FIG. 3 is a time chart for explaining the operation of the modulation circuit,
4 and 5 are waveform diagrams used to explain the modulation rule and the modulation method, FIG. 6 is a schematic diagram showing the configuration of a cutting system, and FIGS. 7 and 8 are schematic diagrams showing an example of a method of manufacturing an optical disk. FIG. 9 is a block diagram of an example of a wobbling signal generation circuit, FIG. 10 is a frequency spectrum diagram used to explain band limitation in the wobbling signal generation circuit, and FIG. Record /
FIG. 12 is a block diagram showing an example of a reproducing circuit, and FIG. 12 is a waveform diagram used for explaining conventional PSK modulation. Explanation of main symbols in the drawings 1: input terminal of frame pulse, 2: input terminal of clock pulse, 4: 12-decimal counter, 8: 24-decimal counter, 15: switch circuit, 16: ternary logic signal generation circuit, 19 : Absolute time counter, 26: photoresist, 34: wobbling signal generation circuit, 40: pregroove, 41: optical disk, 46: digital high-pass filter, 47: digital low-pass filter, 7
2: bandpass filter, 75: synchronous detection circuit.

Claims (4)

(57) [Claims] In a modulation method for performing modulation by allocating 2n modulation bits to each bit of original data in which a plurality of bits of information are repeated at a predetermined frequency, when the bits of the original data are "0", 2n modulation bits are “1”, “0”

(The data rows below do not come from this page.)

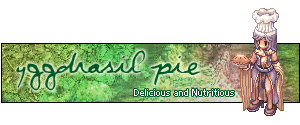 Well~ I haven't uploaded anything for a long time, so here's a signature I made for a forum of the server I play on. My username is Yggdrasil Pie there so, basically... Yggdrasil Pie for all!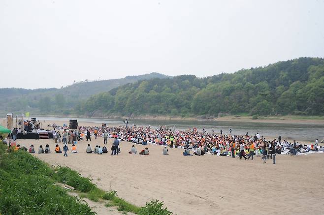 환경단체들이 특히 우려하는 건 20여 일간의 공주보 담수로 인해 심각하게 훼손될 고마나루 명승지의 모래톱이었다. 대백제전 개막식 현장에서 마이크를 든 임도훈 대전충남녹색연합 팀장은 시민들을 향해 이같이 호소했다.
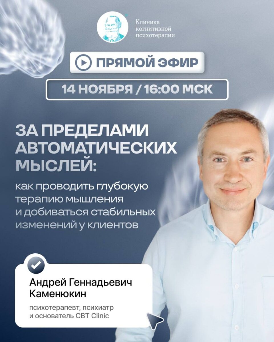 ПРЯМОЙ ЭФИР «За пределами автоматических мыслей: как проводить глубокую терапию мышления и добиваться стабильных изменений у клиентов» 14 ноября в 16:00 у нас пройдет открытый эфир с Андреем Геннадьевичем Каменюкиным — психотерапевтом, психиатром и основателем CBT Clinic ❓Мы поговорим о том, что происходит в тех случаях, когда: • Клиент всё понимает, но ничего не меняется в поведении • Сессия превращается в размышления и обсуждения без движения вперёд • Клиент рационализирует и «разговаривает о себе», не меняя внутреннюю логику восприятия То есть, о тех ситуациях, в которых терапевт делает всё корректно, но ощущается тупик Когда клиент знает, «как правильно», но снова и снова возвращается к прежним сценариям Мы разберем почему так происходит: — где именно «застревает» изменение — что такое структура мышления и как она поддерживает страдание — почему просто работа с автоматическими мыслями не даёт глубины — и что может сделать терапевт, чтобы запустить настоящий сдвиг 🧠 Этот эфир

When the bit of the original data is "1", the polarity of a predetermined two consecutive modulation bits excluding both end portions with respect to the repetition pattern of "1" and "0". A code modulation method characterized by inverting the following. 2. The code modulation method according to claim 1, wherein said original data is a BCD code. 3. The code modulation method according to claim 1, wherein a value obtained by dividing a bit frequency of the modulation bit by the predetermined frequency is not an integral multiple of the plurality of bits. Is assigned to the preamble code the number of modulation bits obtained by subtracting the value obtained by multiplying 2n from the divisor,
A code modulation method, wherein one preamble code is provided in each cycle of the predetermined frequency. 4. The code modulation method according to claim 3, wherein said preamble code has no DC component.